Not so much with the 2008 Utes. They went scoreless and gave up two touchdowns in the fourth quarter to hang on against Michigan; scored with 58 seconds left to beat Air Force. Johnson led the Utes to two touchdowns in the final 1 1/2 minutes against Oregon State. Last week they ground out a 13-10 win over New Mexico.

Convincing? Not completely. But effective?

Only if an unblemished record means anything.

The 2008 Utes are just like 2004 except more, well, bipolar.

Exactly how good TCU is became apparent as the year rolled on. Picked to finish just third in the conference, the Horned Frogs started 4-0 before losing to Oklahoma, dropping out of the BCS hunt. Or so it seemed ... After routing San Diego State, they struggled to beat Colorado State, 13-7.

It appeared they were a better-than-average Mountain West Conference team, but that's about it.

Then came the Oct. 16 rout of BYU. The 32-7 win hit fans of both Utah and BYU like a snowball to the noggin.


After that, the match-up with Utah was widely considered a battle for the conference championship.

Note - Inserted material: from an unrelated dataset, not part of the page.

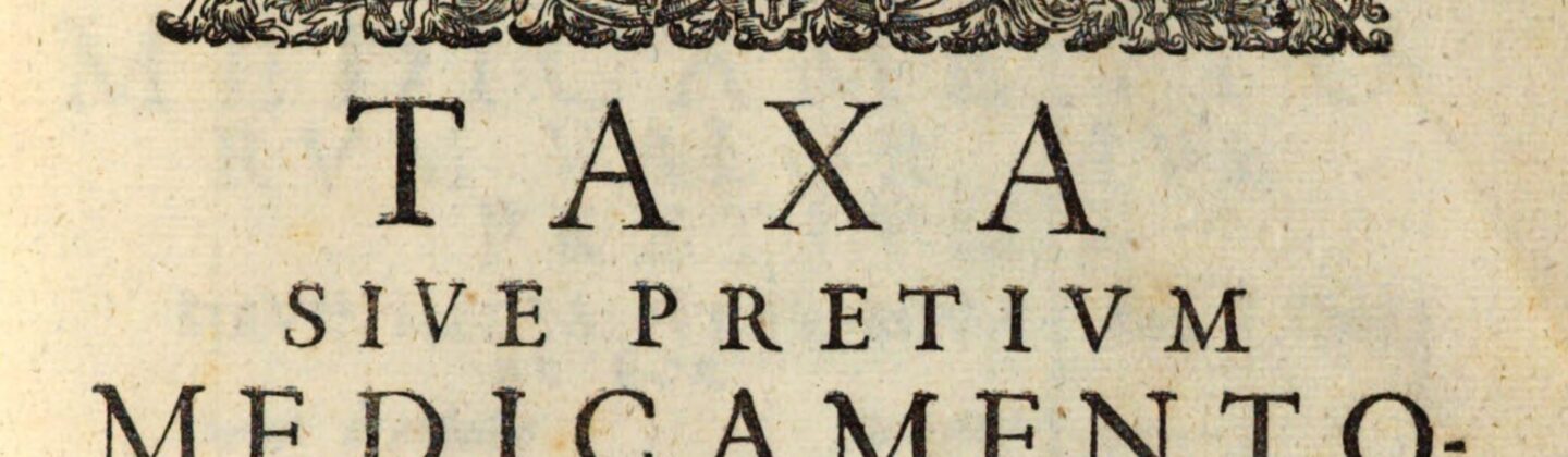 Taxa sive Pretivm Medicamentorvm tam Simplicium qvam Compositorum Quae in Officinis Pharmaceuticis amplissimae Reipublicae Augustanae prostant, secundum Classium seriem digesta, ordine Alphabetico consripta.

A week ago TCU wiped out UNLV 44-14, while the Utes were struggling against New Mexico. That gave rise to the oddsmakers calling TCU a slight favorite, even though Utah was higher ranked and the game was in Salt Lake City.

Not that the Utes necessarily needed to be scared. You say TCU has a nice pass/run offensive attack? So do the Utes. Fast, ruthless defense? Got that, too.

Check and double-check.

Which led to a whole lot of buildup. Thousands of fans showed up in black hats, jackets and sweatshirts to support a promotion they were calling a "blackout." The stadium looked like Goth Night in the Round.

When the Utes charged the field, they looked a little like the invading Orcs in "Lord of the Rings" — snarling, vicious and angry.

Then the game happened, and it was TCU that swarmed, rolling for 202 yards in the first quarter — nearly as many as the Utes normally allow in a game.

But soon the clock wound down to the final minutes when the Utes are at their best. And once again they're pounding on the BCS door.

As Obama supporters like to say, they never thought they'd see the day.

But the Utes seemed to have been planning this all along.